[Supplied data]
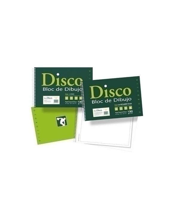 Bloc dibujo DISCO con tapa y contra Discobolo, espiral Wire`o y papel de 130 gramos. Ideal para lápiz, tinta, rotulador y técnicas secas Medida: 230 x 340 mm.
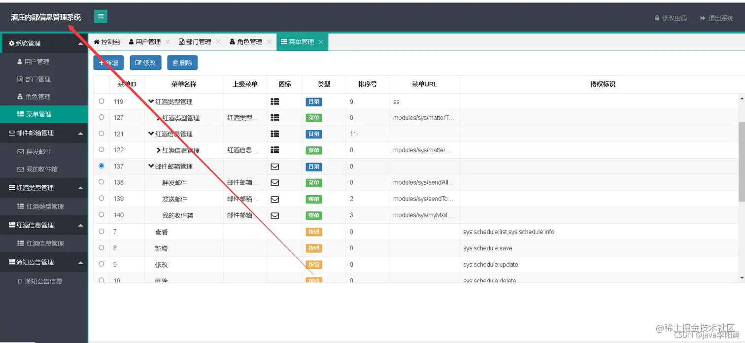 菜单管理:配置系统菜单,操作权限,按钮权限标识等。
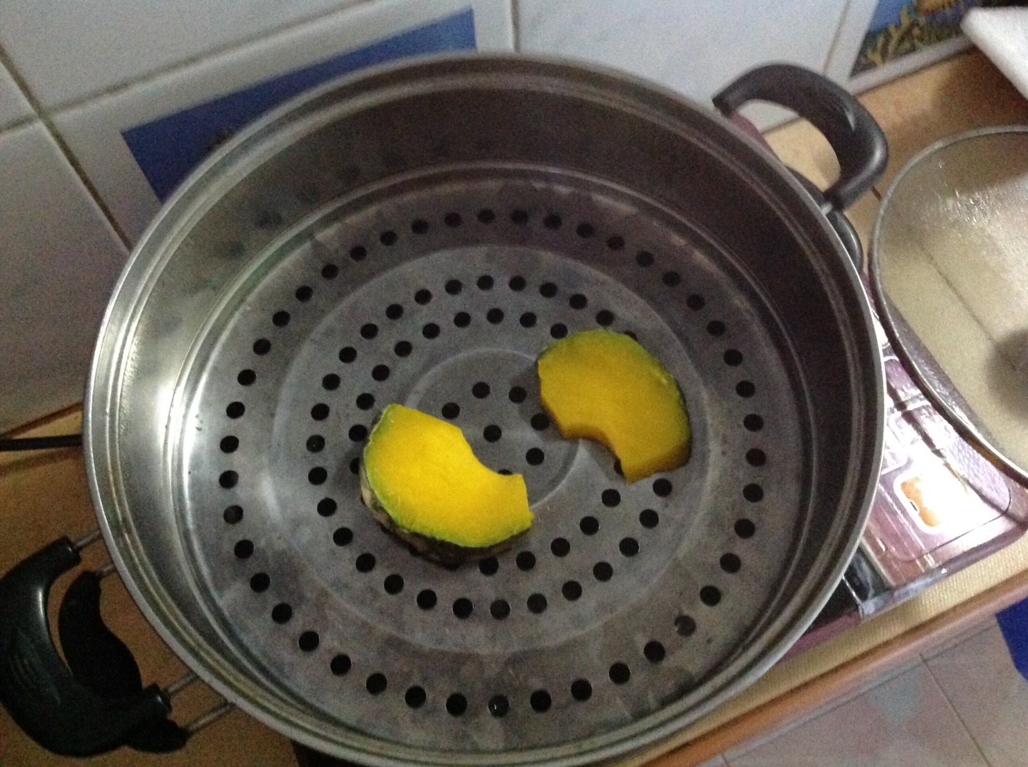1.ขั้นตอนแรกให้เรานำฟักทองไปนึ่งซะก่อนนะครับ ให้นิ่มไปเลยนะครับ
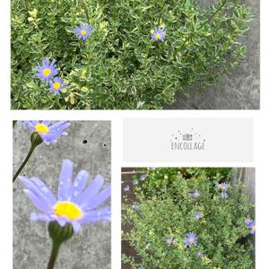 斑入りブルーデージー💮🌿 かなりの寒さの中でも外で頑張ってくれている斑入りのブルーデージー💙 耐寒性が余り強くないので一年草扱いです。 お迎えしても花が中々咲かなかったですが、この時期思いの外咲いています💖
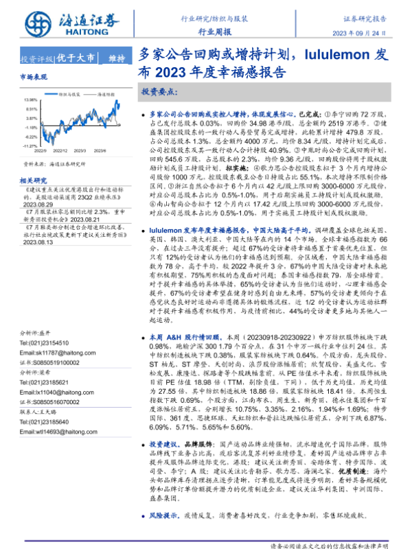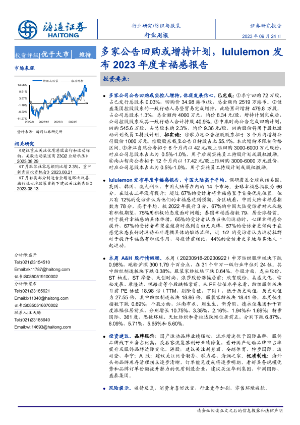 【海通证券】【20230924】20230924-海通证券-纺织与服装行业周报:多家公告回购或增持计划,lululemon发布2023年度幸福感报告-11页
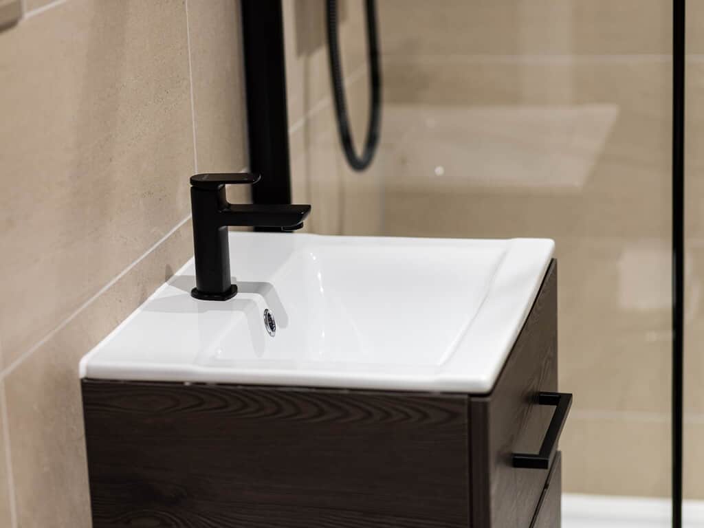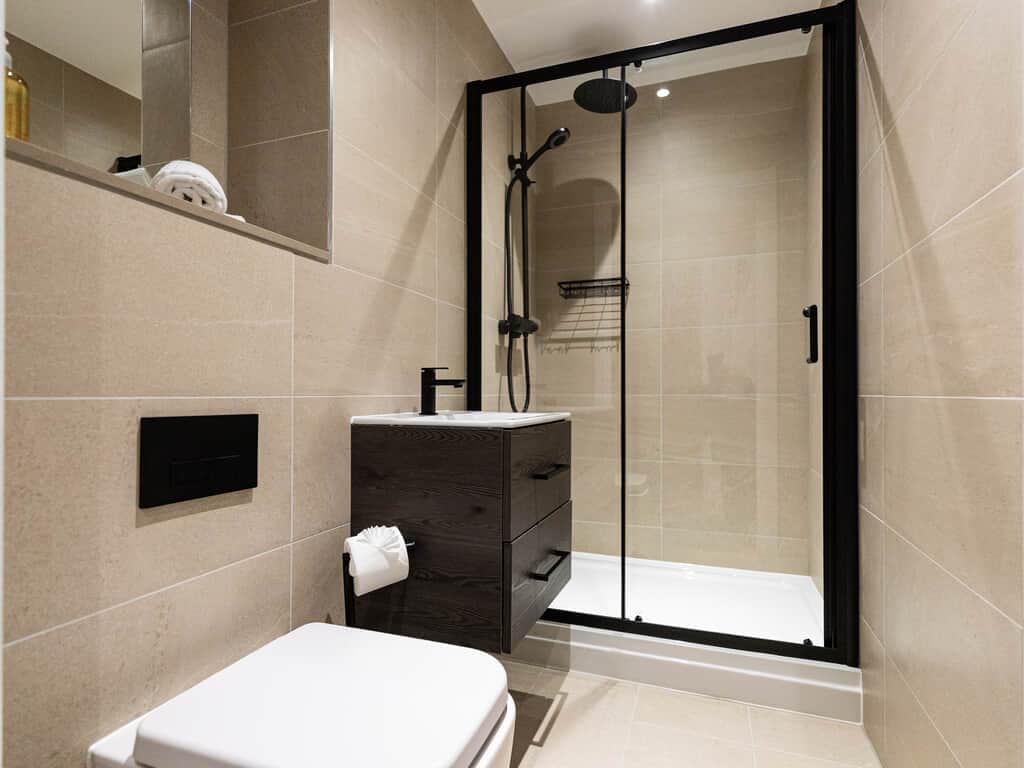 Modern shower room with overhead shower head and separate hand held attachment, wash basin and toilet. Underfloor heating
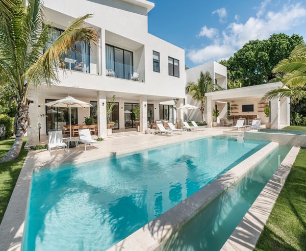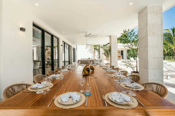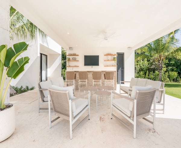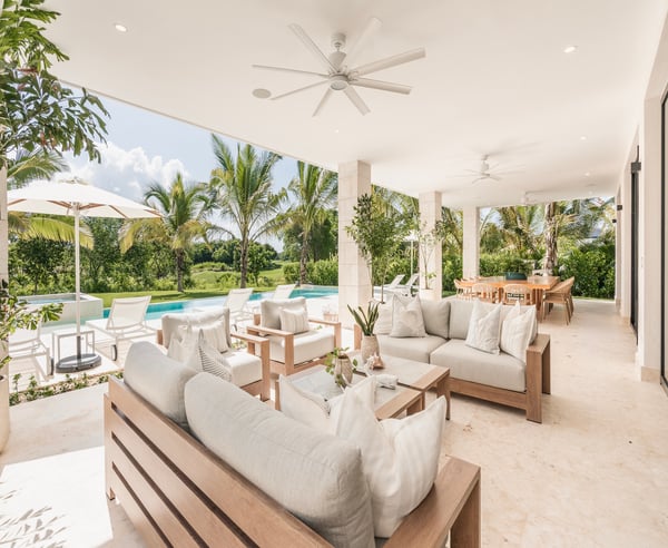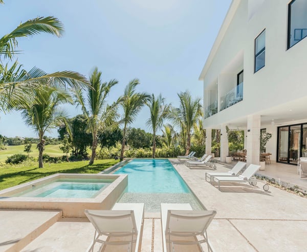 Guests staying within Puntacana Resort & Club will have access to all resort amenities and facilities. Resort amenities and facilities include two golf courses ($), two beach clubs ($), Six Senses Spa ($), restaurants ($), bars ($) and tennis centre ($). This 7-bedroom contemporary golf view villa in Puntacana Resort & Club is a luxurious retreat that offers breathtaking views of the Hacienda golf course and is located just 5 minutes from the beach. Designed with modern architecture, this villa provides a serene and tranquil environment, perfect for a relaxing getaway. As you enter the villa, you are welcoming the living room and studio that connect the main areas of the house, including the main dining room with seating for 14 guests. The living room opens up to a spacious terrace overlooking the golf course, perfect for relaxing and enjoying the scenery. The kitchen is fully equipped with high-end appliances and features a breakfast bar, ideal for quick meals and snacks. The villa boasts seven spacious and elegant bedrooms, each with its own en-suite bathroom & private balconies. The rooms are furnished with comfortable beds, high-quality linens, and large windows that allow plenty of natural light to enter. The primary bedroom is particularly impressive, featuring its own private terrace with golf course views and a large en-suite bathroom. The villa also includes a private outdoor swimming pool and a heated jacuzzi, surrounded by lush tropical gardens. Additionally, there are numerous outdoor lounging areas, where guests can unwind and enjoy the beautiful Caribbean weather.
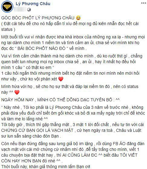 Cụ thể, trên một trang fanpage chuyên bàn chuyện showbiz xuất hiện bài viết khá dài với nội dung "vạch trần" bộ mặt thật của vợ cũ Lâm Vinh Hải. Theo đó, người này tố Lý Phương Châu không hề đáng thương như những gì thể hiện ra bên ngoài. Trong thời gian còn là vợ chồng với nam vũ công họ Lân, Lý Phương Châu đã có quan hệ ngoài luồng với bạn thân của anh. Khi ly hôn, cô còn ghê gớm đòi chiếm toàn bộ tài sản gồm nhà cửa, vũ đoàn và tiền của chồng cũ. Nếu Lâm Vinh Hải không chịu thỏa thuận, Lý Phương Châu sẽ gây khó dễ để "không ai được hạnh phúc". Không chỉ dừng lại ở đó, tài khoản này còn tố Lý Phương Châu dựng chuyện, cấm không cho con gặp Lâm Vinh Hải, không cho về bên nội nhưng lại dựng bằng chứng để tố cáo chồng cũ vô trách nhiệm.
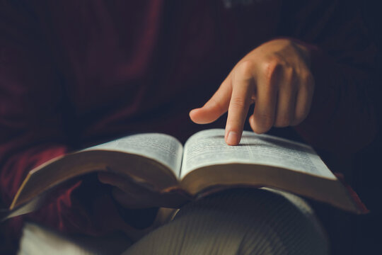 Christian man's hands while reading the Bible outside.Sunday readings, Bible education. spirituality and religion concept. Reading a book.education learning
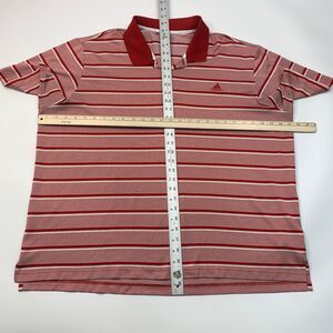 Adidas Polo Shirt Mens 2XL Red White Collared Striped Lightweight Performance
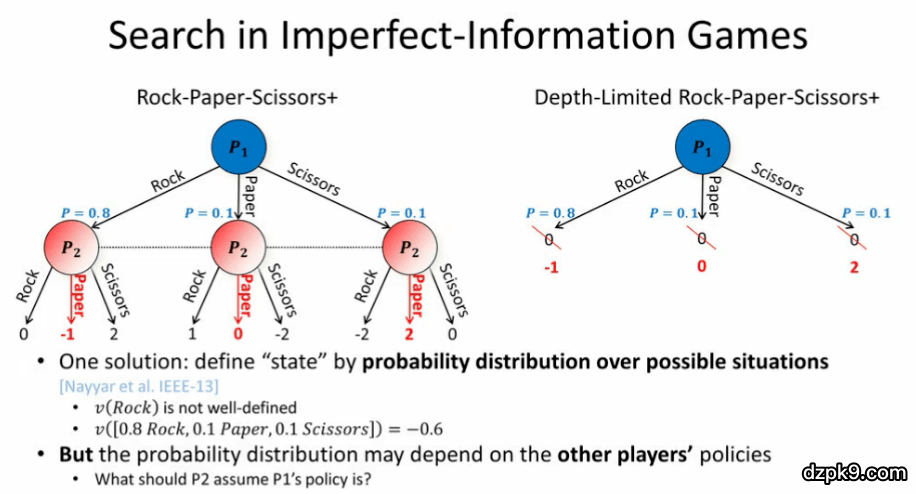 非完全信息博弈中的搜索更加困难,这是因为在非完美信息博弈中,并没有像在完美信息博弈中那样为传统的「状态」很好地定义「值」,这会导致现有的搜索技术失效。
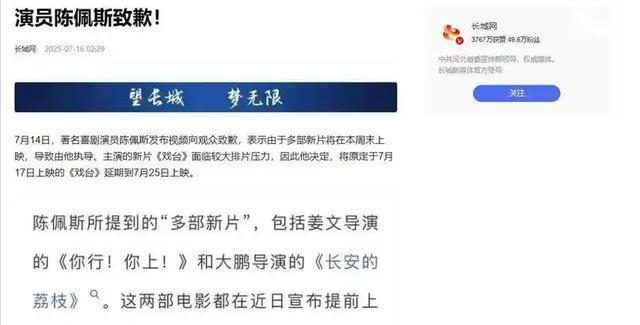 一启动点映的工夫, 《戏台》就撞上了《你行!你上》和《长安的荔枝》。 这两部电影先后通知提档之后,陈佩斯感受到排片的压力,他一看这架势不太对,便将档期从原定的7月17日推迟到7月25日。 因为倏得改档期, 陈佩斯还出奇录制了视频说念歉,让等了32年的不雅众再多等一周。
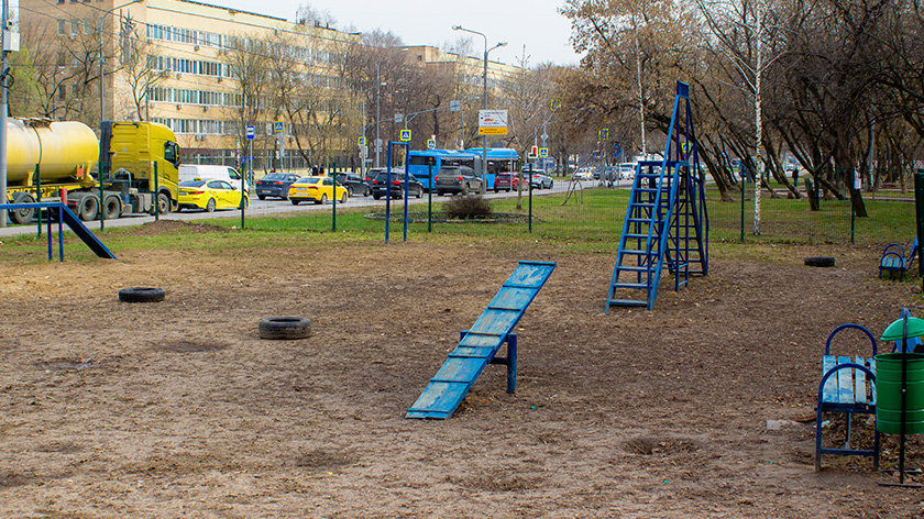 На площадке используется разное покрытие: бетонная брусчатка, специальное амортизирующее резиновое покрытие вокруг тренажеров, а также газон в зоне свободного выгула.
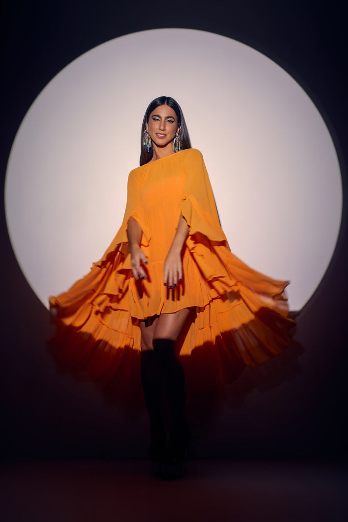 O couro, jeans, verniz, metalizado e o paetê predominam os tecidos, representando as tendências dos anos 90 e 2000’s. Vestidos curtos e longos fluidos, croppeds cut-out, jaquetas verniz, croppeds e blazers oversizes foram atualizados com o visual e DNA autêntico da marca e olhar fashionista da influenciadora.
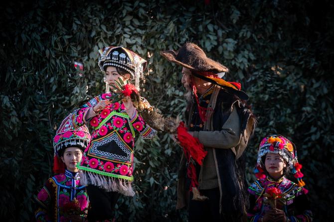 农历二月初八,在大姚县昙华乡千柏林,随着德高望重的毕摩给昙华新晋的“花仙子”带上当地象征“繁荣、昌盛”的马缨花,祈福人寿年丰,一年一度的“彝族插花节”直播就此拉开序幕。祈福仪式过后,本届“花仙子”和“百灵鸟”们送上热情四溢的“拦门酒”,邀四方来客入乡一同参加欢乐的节庆活动。
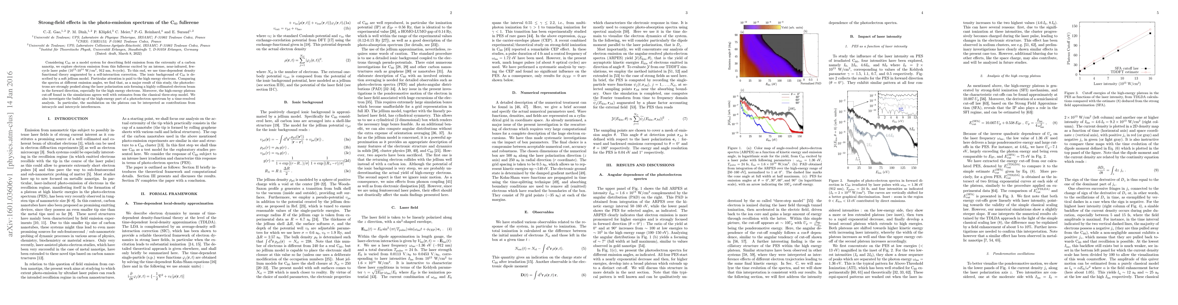 Considering C$_{60}$ as a model system for describing field emission from the extremity of a carbon nanotip, we explore electron emission from this fullerene excited by an intense, near-infrared, few-cycle laser pulse ($10^{13}$-$10^{14}~{\rm W/cm}^2$, 912 nm, 8-cycle). To this end, we use time-dependent density functional theory augmented by a self-interaction correction. The ionic background of C$_{60}$ is described by a soft jellium model. Particular attention is paid to the high energy electrons. Comparing the spectra at different emission angles, we find that, as a major result of this study, the photoelectrons are strongly peaked along the laser polarization axis forming a highly collimated electron beam in the forward direction, especially for the high energy electrons. Moreover, the high-energy plateau cut-off found in the simulations agrees well with estimates from the classical three-step model. We also investigate the build-up of the high-energy part of a photoelectron spectrum by a time-resolved analysis. In particular, the modulation on the plateau can be interpreted as contributions from intracycle and intercycle interferences.
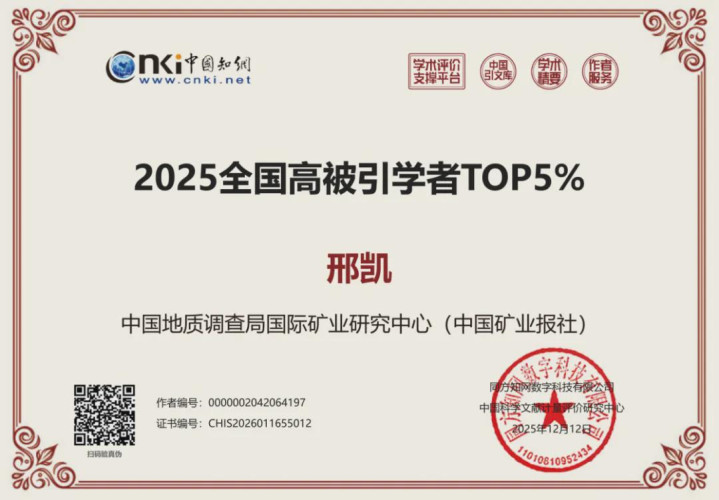 近日,中国知网下属的中国科学文件计量评价考虑中心(出书智库)基于国内学术后果收录数据,认真发布“2025世界高被引学者”名单。我单元海外矿业考虑室向杰、邢凯2位博士收效入选“世界高被引学者Top5%”榜单,开元棋牌app充分展现了本单元在资源产业考虑限制的学术影响力与科研实力。
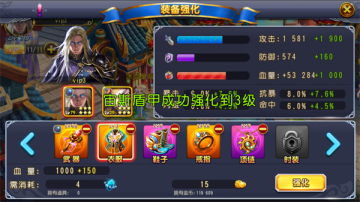 1,强化武将及武将技能时,平均分配,战力提升最高,强化至上限时,在主城点击英雄按钮武将飞升。
[/Supplied data]
Problem details: Print every line above exactly. Leave the pictures out.

Response:
 Bloc dibujo DISCO con tapa y contra Discobolo, espiral Wire`o y papel de 130 gramos. Ideal para lápiz, tinta, rotulador y técnicas secas Medida: 230 x 340 mm.
 菜单管理:配置系统菜单,操作权限,按钮权限标识等。
1.ขั้นตอนแรกให้เรานำฟักทองไปนึ่งซะก่อนนะครับ ให้นิ่มไปเลยนะครับ
 斑入りブルーデージー💮🌿 かなりの寒さの中でも外で頑張ってくれている斑入りのブルーデージー💙 耐寒性が余り強くないので一年草扱いです。 お迎えしても花が中々咲かなかったですが、この時期思いの外咲いています💖
 【海通证券】【20230924】20230924-海通证券-纺织与服装行业周报:多家公告回购或增持计划,lululemon发布2023年度幸福感报告-11页
 Modern shower room with overhead shower head and separate hand held attachment, wash basin and toilet. Underfloor heating
 Guests staying within Puntacana Resort & Club will have access to all resort amenities and facilities. Resort amenities and facilities include two golf courses ($), two beach clubs ($), Six Senses Spa ($), restaurants ($), bars ($) and tennis centre ($). This 7-bedroom contemporary golf view villa in Puntacana Resort & Club is a luxurious retreat that offers breathtaking views of the Hacienda golf course and is located just 5 minutes from the beach. Designed with modern architecture, this villa provides a serene and tranquil environment, perfect for a relaxing getaway. As you enter the villa, you are welcoming the living room and studio that connect the main areas of the house, including the main dining room with seating for 14 guests. The living room opens up to a spacious terrace overlooking the golf course, perfect for relaxing and enjoying the scenery. The kitchen is fully equipped with high-end appliances and features a breakfast bar, ideal for quick meals and snacks. The villa boasts seven spacious and elegant bedrooms, each with its own en-suite bathroom & private balconies. The rooms are furnished with comfortable beds, high-quality linens, and large windows that allow plenty of natural light to enter. The primary bedroom is particularly impressive, featuring its own private terrace with golf course views and a large en-suite bathroom. The villa also includes a private outdoor swimming pool and a heated jacuzzi, surrounded by lush tropical gardens. Additionally, there are numerous outdoor lounging areas, where guests can unwind and enjoy the beautiful Caribbean weather.
 Cụ thể, trên một trang fanpage chuyên bàn chuyện showbiz xuất hiện bài viết khá dài với nội dung "vạch trần" bộ mặt thật của vợ cũ Lâm Vinh Hải. Theo đó, người này tố Lý Phương Châu không hề đáng thương như những gì thể hiện ra bên ngoài. Trong thời gian còn là vợ chồng với nam vũ công họ Lân, Lý Phương Châu đã có quan hệ ngoài luồng với bạn thân của anh. Khi ly hôn, cô còn ghê gớm đòi chiếm toàn bộ tài sản gồm nhà cửa, vũ đoàn và tiền của chồng cũ. Nếu Lâm Vinh Hải không chịu thỏa thuận, Lý Phương Châu sẽ gây khó dễ để "không ai được hạnh phúc". Không chỉ dừng lại ở đó, tài khoản này còn tố Lý Phương Châu dựng chuyện, cấm không cho con gặp Lâm Vinh Hải, không cho về bên nội nhưng lại dựng bằng chứng để tố cáo chồng cũ vô trách nhiệm.
 Christian man's hands while reading the Bible outside.Sunday readings, Bible education. spirituality and religion concept. Reading a book.education learning
 Adidas Polo Shirt Mens 2XL Red White Collared Striped Lightweight Performance
 非完全信息博弈中的搜索更加困难,这是因为在非完美信息博弈中,并没有像在完美信息博弈中那样为传统的「状态」很好地定义「值」,这会导致现有的搜索技术失效。
 一启动点映的工夫, 《戏台》就撞上了《你行!你上》和《长安的荔枝》。 这两部电影先后通知提档之后,陈佩斯感受到排片的压力,他一看这架势不太对,便将档期从原定的7月17日推迟到7月25日。 因为倏得改档期, 陈佩斯还出奇录制了视频说念歉,让等了32年的不雅众再多等一周。
 На площадке используется разное покрытие: бетонная брусчатка, специальное амортизирующее резиновое покрытие вокруг тренажеров, а также газон в зоне свободного выгула.
 O couro, jeans, verniz, metalizado e o paetê predominam os tecidos, representando as tendências dos anos 90 e 2000’s. Vestidos curtos e longos fluidos, croppeds cut-out, jaquetas verniz, croppeds e blazers oversizes foram atualizados com o visual e DNA autêntico da marca e olhar fashionista da influenciadora.
 农历二月初八,在大姚县昙华乡千柏林,随着德高望重的毕摩给昙华新晋的“花仙子”带上当地象征“繁荣、昌盛”的马缨花,祈福人寿年丰,一年一度的“彝族插花节”直播就此拉开序幕。祈福仪式过后,本届“花仙子”和“百灵鸟”们送上热情四溢的“拦门酒”,邀四方来客入乡一同参加欢乐的节庆活动。
 Considering C$_{60}$ as a model system for describing field emission from the extremity of a carbon nanotip, we explore electron emission from this fullerene excited by an intense, near-infrared, few-cycle laser pulse ($10^{13}$-$10^{14}~{\rm W/cm}^2$, 912 nm, 8-cycle). To this end, we use time-dependent density functional theory augmented by a self-interaction correction. The ionic background of C$_{60}$ is described by a soft jellium model. Particular attention is paid to the high energy electrons. Comparing the spectra at different emission angles, we find that, as a major result of this study, the photoelectrons are strongly peaked along the laser polarization axis forming a highly collimated electron beam in the forward direction, especially for the high energy electrons. Moreover, the high-energy plateau cut-off found in the simulations agrees well with estimates from the classical three-step model. We also investigate the build-up of the high-energy part of a photoelectron spectrum by a time-resolved analysis. In particular, the modulation on the plateau can be interpreted as contributions from intracycle and intercycle interferences.
 近日,中国知网下属的中国科学文件计量评价考虑中心(出书智库)基于国内学术后果收录数据,认真发布“2025世界高被引学者”名单。我单元海外矿业考虑室向杰、邢凯2位博士收效入选“世界高被引学者Top5%”榜单,开元棋牌app充分展现了本单元在资源产业考虑限制的学术影响力与科研实力。
 1,强化武将及武将技能时,平均分配,战力提升最高,强化至上限时,在主城点击英雄按钮武将飞升。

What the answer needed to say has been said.